**DATA SHOWN:**
━━━━━━━━

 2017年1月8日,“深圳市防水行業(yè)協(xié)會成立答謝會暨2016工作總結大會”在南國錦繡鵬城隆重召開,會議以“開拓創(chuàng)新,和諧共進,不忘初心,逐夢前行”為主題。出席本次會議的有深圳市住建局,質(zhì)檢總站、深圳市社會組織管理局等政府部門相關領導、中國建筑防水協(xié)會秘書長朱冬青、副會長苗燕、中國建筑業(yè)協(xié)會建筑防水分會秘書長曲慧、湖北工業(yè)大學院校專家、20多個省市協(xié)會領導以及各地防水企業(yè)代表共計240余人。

━━━━━━━━

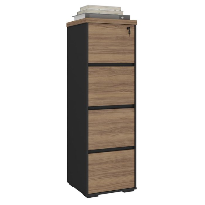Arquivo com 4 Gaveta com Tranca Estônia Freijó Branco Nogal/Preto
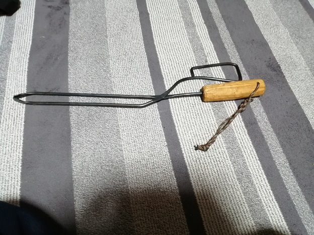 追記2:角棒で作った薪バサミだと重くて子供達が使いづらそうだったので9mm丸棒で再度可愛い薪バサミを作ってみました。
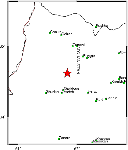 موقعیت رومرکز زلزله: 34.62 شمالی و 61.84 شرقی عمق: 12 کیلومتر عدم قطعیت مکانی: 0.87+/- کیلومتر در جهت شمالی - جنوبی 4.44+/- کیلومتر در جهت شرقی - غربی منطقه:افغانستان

━━━━━━━━

**TASK PROMPT:**
In the records above, find the line containing "Arquivo com 4" and the line containing "موقعیت رومرکز زلزله: 34.62", then give both of them again word for word along with every line between. Omit any pictures.

**ANSWER TO THE PROBLEM:**
Arquivo com 4 Gaveta com Tranca Estônia Freijó Branco Nogal/Preto
 追記2:角棒で作った薪バサミだと重くて子供達が使いづらそうだったので9mm丸棒で再度可愛い薪バサミを作ってみました。
 موقعیت رومرکز زلزله: 34.62 شمالی و 61.84 شرقی عمق: 12 کیلومتر عدم قطعیت مکانی: 0.87+/- کیلومتر در جهت شمالی - جنوبی 4.44+/- کیلومتر در جهت شرقی - غربی منطقه:افغانستان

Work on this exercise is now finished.